#### EXERCISE:
Could you reproduce the lines below from the one with "Jardineiras tricotadas em lã com torcidos" through the one with "But the STCC4"? Keep both ends and add nothing.

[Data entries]
***
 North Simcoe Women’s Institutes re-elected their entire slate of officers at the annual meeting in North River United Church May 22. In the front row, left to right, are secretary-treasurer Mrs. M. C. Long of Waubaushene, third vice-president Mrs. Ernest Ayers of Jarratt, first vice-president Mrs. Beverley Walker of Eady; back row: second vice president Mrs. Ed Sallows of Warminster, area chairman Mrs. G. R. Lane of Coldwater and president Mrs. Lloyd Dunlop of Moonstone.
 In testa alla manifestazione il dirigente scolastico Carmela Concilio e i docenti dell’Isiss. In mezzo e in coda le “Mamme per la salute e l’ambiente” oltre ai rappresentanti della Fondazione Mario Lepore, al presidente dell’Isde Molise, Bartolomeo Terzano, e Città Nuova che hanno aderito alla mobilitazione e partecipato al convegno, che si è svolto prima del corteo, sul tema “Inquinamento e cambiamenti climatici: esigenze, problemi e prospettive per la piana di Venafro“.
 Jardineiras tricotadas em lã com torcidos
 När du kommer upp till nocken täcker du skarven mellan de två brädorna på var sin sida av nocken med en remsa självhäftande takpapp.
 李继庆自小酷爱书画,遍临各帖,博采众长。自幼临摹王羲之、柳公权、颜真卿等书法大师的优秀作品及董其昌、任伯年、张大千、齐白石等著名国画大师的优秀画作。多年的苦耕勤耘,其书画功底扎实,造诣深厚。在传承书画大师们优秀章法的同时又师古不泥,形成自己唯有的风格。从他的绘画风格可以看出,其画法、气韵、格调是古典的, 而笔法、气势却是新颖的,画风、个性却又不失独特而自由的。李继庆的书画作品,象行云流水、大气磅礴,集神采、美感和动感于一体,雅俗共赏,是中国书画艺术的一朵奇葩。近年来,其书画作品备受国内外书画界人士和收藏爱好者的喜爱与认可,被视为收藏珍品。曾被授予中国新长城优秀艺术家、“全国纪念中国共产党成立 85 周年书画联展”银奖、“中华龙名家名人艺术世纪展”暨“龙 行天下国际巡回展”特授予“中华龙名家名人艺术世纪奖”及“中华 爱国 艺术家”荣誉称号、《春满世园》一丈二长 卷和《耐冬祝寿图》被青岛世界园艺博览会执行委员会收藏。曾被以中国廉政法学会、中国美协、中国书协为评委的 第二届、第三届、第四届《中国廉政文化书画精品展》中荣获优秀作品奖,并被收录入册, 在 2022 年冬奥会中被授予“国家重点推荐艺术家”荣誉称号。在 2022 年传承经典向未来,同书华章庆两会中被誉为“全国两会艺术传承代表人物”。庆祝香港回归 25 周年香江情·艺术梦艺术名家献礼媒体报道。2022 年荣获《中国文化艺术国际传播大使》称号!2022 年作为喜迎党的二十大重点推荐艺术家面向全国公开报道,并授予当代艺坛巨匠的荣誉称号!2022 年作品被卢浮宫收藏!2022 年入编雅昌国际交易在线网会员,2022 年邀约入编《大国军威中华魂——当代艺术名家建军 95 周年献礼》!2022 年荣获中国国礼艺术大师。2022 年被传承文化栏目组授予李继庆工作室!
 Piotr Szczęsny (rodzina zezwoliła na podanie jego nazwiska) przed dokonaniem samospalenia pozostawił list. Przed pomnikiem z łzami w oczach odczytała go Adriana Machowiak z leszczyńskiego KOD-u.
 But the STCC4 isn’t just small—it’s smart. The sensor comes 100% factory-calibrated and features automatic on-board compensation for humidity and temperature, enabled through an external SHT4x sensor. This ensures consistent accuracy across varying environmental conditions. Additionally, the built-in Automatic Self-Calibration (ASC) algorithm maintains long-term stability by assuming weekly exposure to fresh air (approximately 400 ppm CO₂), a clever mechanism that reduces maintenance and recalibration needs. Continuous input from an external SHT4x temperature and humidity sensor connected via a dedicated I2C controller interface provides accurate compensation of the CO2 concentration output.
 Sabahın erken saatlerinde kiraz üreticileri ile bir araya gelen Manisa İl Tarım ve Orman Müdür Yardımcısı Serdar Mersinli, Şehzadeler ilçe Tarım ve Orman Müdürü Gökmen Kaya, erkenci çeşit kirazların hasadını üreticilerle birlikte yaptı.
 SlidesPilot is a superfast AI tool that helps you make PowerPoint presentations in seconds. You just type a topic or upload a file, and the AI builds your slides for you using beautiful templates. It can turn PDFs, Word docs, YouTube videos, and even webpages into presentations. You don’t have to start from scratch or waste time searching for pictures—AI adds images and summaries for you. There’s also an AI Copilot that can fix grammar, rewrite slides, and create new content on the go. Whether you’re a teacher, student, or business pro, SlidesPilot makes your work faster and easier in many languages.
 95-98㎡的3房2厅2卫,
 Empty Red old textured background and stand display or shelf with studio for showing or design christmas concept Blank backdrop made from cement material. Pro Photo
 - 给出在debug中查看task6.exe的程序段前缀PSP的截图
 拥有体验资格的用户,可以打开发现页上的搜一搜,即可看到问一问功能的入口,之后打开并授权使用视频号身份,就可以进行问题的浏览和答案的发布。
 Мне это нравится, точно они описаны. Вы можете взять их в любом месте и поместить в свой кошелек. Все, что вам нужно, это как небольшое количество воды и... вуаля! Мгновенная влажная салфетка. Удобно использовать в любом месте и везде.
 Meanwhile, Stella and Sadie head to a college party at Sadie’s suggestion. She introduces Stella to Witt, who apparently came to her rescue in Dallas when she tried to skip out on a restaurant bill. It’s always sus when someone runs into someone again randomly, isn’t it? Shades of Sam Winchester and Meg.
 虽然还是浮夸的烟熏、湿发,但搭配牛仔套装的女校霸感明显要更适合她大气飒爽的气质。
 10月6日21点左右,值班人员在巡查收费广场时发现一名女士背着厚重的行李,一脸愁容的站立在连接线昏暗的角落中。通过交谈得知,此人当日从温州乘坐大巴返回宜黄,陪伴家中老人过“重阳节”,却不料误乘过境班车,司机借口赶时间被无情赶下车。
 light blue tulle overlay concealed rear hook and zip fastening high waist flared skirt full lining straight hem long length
***
#### OUTPUT FOR THIS TASK:
 Jardineiras tricotadas em lã com torcidos
 När du kommer upp till nocken täcker du skarven mellan de två brädorna på var sin sida av nocken med en remsa självhäftande takpapp.
 李继庆自小酷爱书画,遍临各帖,博采众长。自幼临摹王羲之、柳公权、颜真卿等书法大师的优秀作品及董其昌、任伯年、张大千、齐白石等著名国画大师的优秀画作。多年的苦耕勤耘,其书画功底扎实,造诣深厚。在传承书画大师们优秀章法的同时又师古不泥,形成自己唯有的风格。从他的绘画风格可以看出,其画法、气韵、格调是古典的, 而笔法、气势却是新颖的,画风、个性却又不失独特而自由的。李继庆的书画作品,象行云流水、大气磅礴,集神采、美感和动感于一体,雅俗共赏,是中国书画艺术的一朵奇葩。近年来,其书画作品备受国内外书画界人士和收藏爱好者的喜爱与认可,被视为收藏珍品。曾被授予中国新长城优秀艺术家、“全国纪念中国共产党成立 85 周年书画联展”银奖、“中华龙名家名人艺术世纪展”暨“龙 行天下国际巡回展”特授予“中华龙名家名人艺术世纪奖”及“中华 爱国 艺术家”荣誉称号、《春满世园》一丈二长 卷和《耐冬祝寿图》被青岛世界园艺博览会执行委员会收藏。曾被以中国廉政法学会、中国美协、中国书协为评委的 第二届、第三届、第四届《中国廉政文化书画精品展》中荣获优秀作品奖,并被收录入册, 在 2022 年冬奥会中被授予“国家重点推荐艺术家”荣誉称号。在 2022 年传承经典向未来,同书华章庆两会中被誉为“全国两会艺术传承代表人物”。庆祝香港回归 25 周年香江情·艺术梦艺术名家献礼媒体报道。2022 年荣获《中国文化艺术国际传播大使》称号!2022 年作为喜迎党的二十大重点推荐艺术家面向全国公开报道,并授予当代艺坛巨匠的荣誉称号!2022 年作品被卢浮宫收藏!2022 年入编雅昌国际交易在线网会员,2022 年邀约入编《大国军威中华魂——当代艺术名家建军 95 周年献礼》!2022 年荣获中国国礼艺术大师。2022 年被传承文化栏目组授予李继庆工作室!
 Piotr Szczęsny (rodzina zezwoliła na podanie jego nazwiska) przed dokonaniem samospalenia pozostawił list. Przed pomnikiem z łzami w oczach odczytała go Adriana Machowiak z leszczyńskiego KOD-u.
 But the STCC4 isn’t just small—it’s smart. The sensor comes 100% factory-calibrated and features automatic on-board compensation for humidity and temperature, enabled through an external SHT4x sensor. This ensures consistent accuracy across varying environmental conditions. Additionally, the built-in Automatic Self-Calibration (ASC) algorithm maintains long-term stability by assuming weekly exposure to fresh air (approximately 400 ppm CO₂), a clever mechanism that reduces maintenance and recalibration needs. Continuous input from an external SHT4x temperature and humidity sensor connected via a dedicated I2C controller interface provides accurate compensation of the CO2 concentration output.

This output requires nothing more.